The peri-menopause occurs before the menstrual cycle ends completely. It last about 4 years on average. This is the time women usually develop signs and symptoms associated with the “change of life”. During this time, the menstrual cycles should become lighter and further apart. Your health provider should investigate heavier or more frequent bleeding. Women also experience “hot” flashes, which are considered the cardinal symptom. They are described as a warm feeling over the head, chest or neck that ends in profuse sweating. It last seconds to minutes, but some up to an hour. Their intensity is worsened with stress, alcohol, spicy foods and hot climates.

Other symptoms include irritability, anxiety, depression, insomnia, nervousness, fatigue, and decreased sexual desire. Women also complain of vaginal dryness, irritation, pain and tightness, especially during intercourse. Topical estrogen creams or slow-release estrogen vaginal rings may be helpful in lubricating the vaginal area, as well as natural over-the-counter lubricants. Also joint/muscle pain, decrease breast size, palpitations and loss of urine occur.

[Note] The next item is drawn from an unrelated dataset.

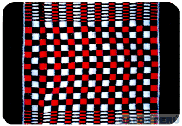 La figura rectangular conteniendo una sucesión de franjas horizontales y verticales que al cruzarse entre sí forman una especie de damero sobre su parte central, a los costados en forma opuesta se advierten una sucesión de estrías formadas por rectángulos pequeños, todo en los colores negro, rojo y blanco; conforme al modelo adjunto

The thyroid should be checked during this time, as thyroid disease has many similar symptoms.

Hormone replacement therapy of peri-menopausal symptoms came under scrutiny when the Women’s Health Initiative in July 2002 correlated long term use of hormones with an increase risk of heart attacks, breast cancer, thromboembolism (blood clots in the legs) and stroke. However these patients also had decreased risks for osteoporosis (softening of the bones) that can lead to fractures and colon-rectal cancer. Hormone replacement does work well for some women, and can be used for limited time with close physician supervision and extensive counseling on the personal risk vs. benefits. Recent studies show hormone replacement in younger perimenopausal women (less than 70) who have had a hysterectomy may have a decrease risk of breast cancer.

Some studies show phytoestrogens (soy, Black Cohosh), red clover isoflavone supplements, grains, oats, wheat, brown rice, tofu, almonds, cashews, fish and fresh fruits/vegetables may be helpful in your diet.

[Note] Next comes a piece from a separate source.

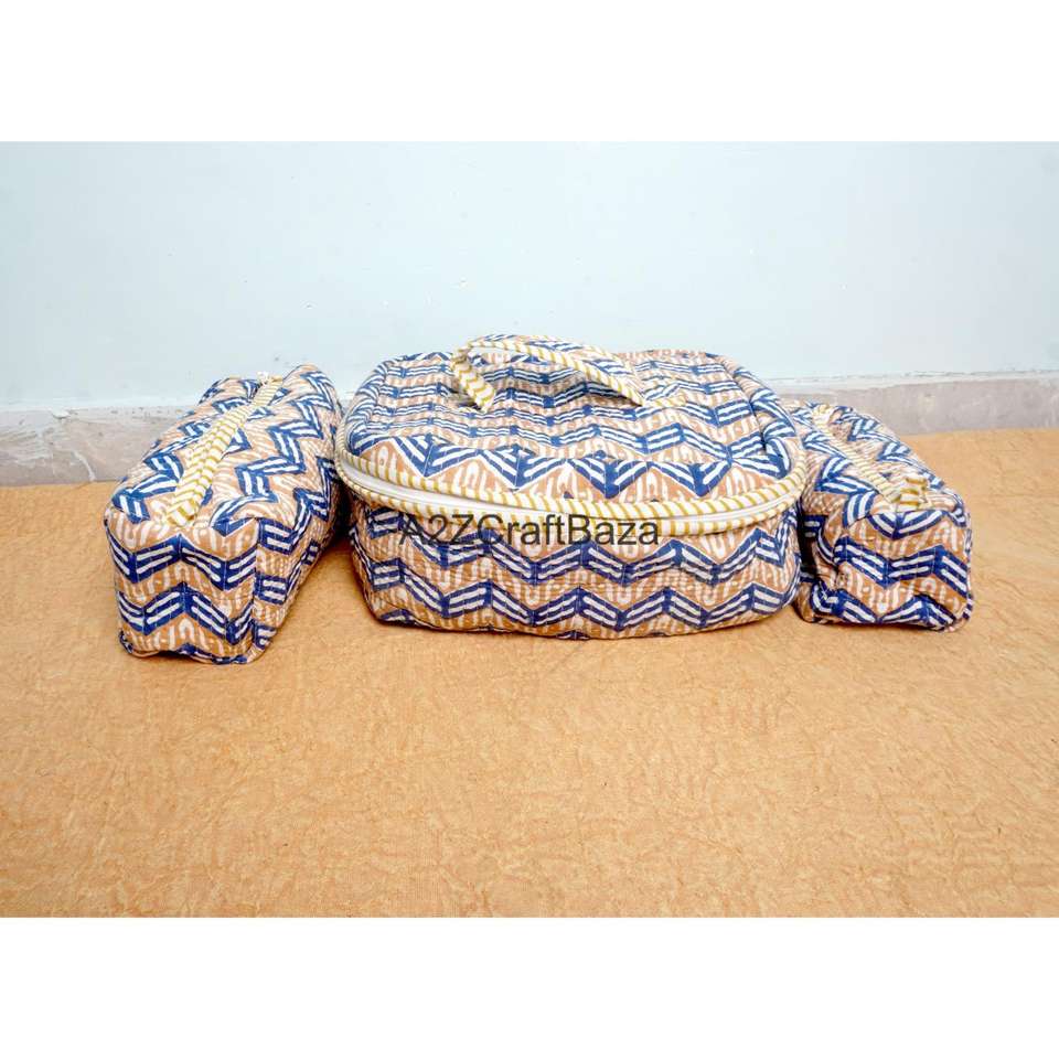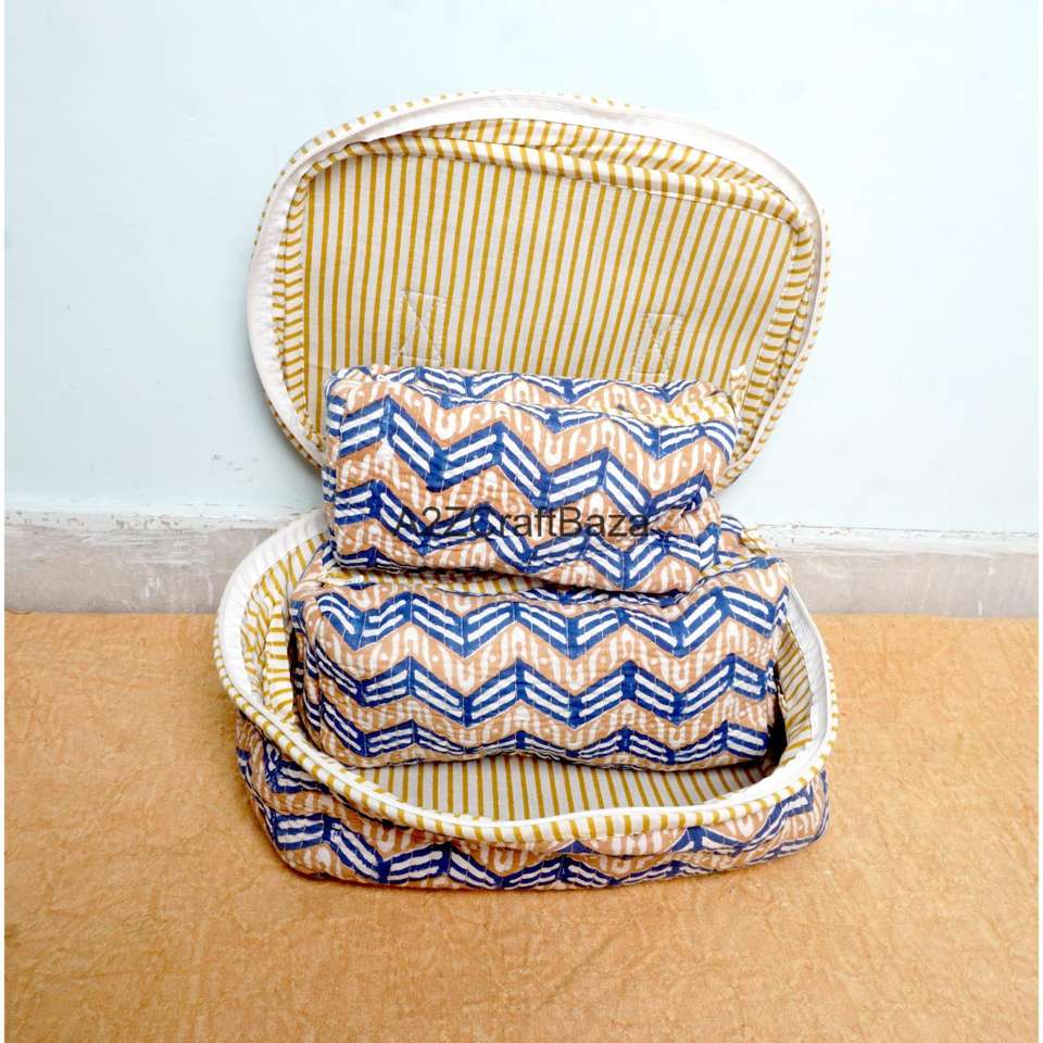 Bolsas con Cierre de Cremallera Hechas a Mano 100% de Algodón Puro con Diseño a Rayas para Uso Diario, Viajes y Organización de Maquillaje - Juego de 3

Avoid caffeine (found in some coffee, tea, pop) and carbonated beverages. Reduce red meats; they are high in saturated fats and lower salt intake. Avoid alcohol, smoking and non-pharmaceutical drugs.

There are other areas of health concerns for women at this time. Bone loss occurs that leads to osteoporosis. Vitamin D (400-600 IU /d) and Calcium supplements. (1000-1500 mg/d) is suggested. Microcrystalline calcium hydroxyapatite calcium (MCHC) or calcium citrate is better absorbed than calcium carbonate. Magnesium (500 mg to 750 mg daily) increases the absorption of calcium. Weight-bearing exercise is advised. Pharmaceutical supplements to reduce bone loss can be discussed with your provider. Since there is an increased risk of heart disease at this time, life-style changes are important and medications to reduce high cholesterol are available. The cholesterol cam also is lowered by the diet, especially avoiding high saturated fats. Breast cancer risk is increased too so get your mammogram every year after 40.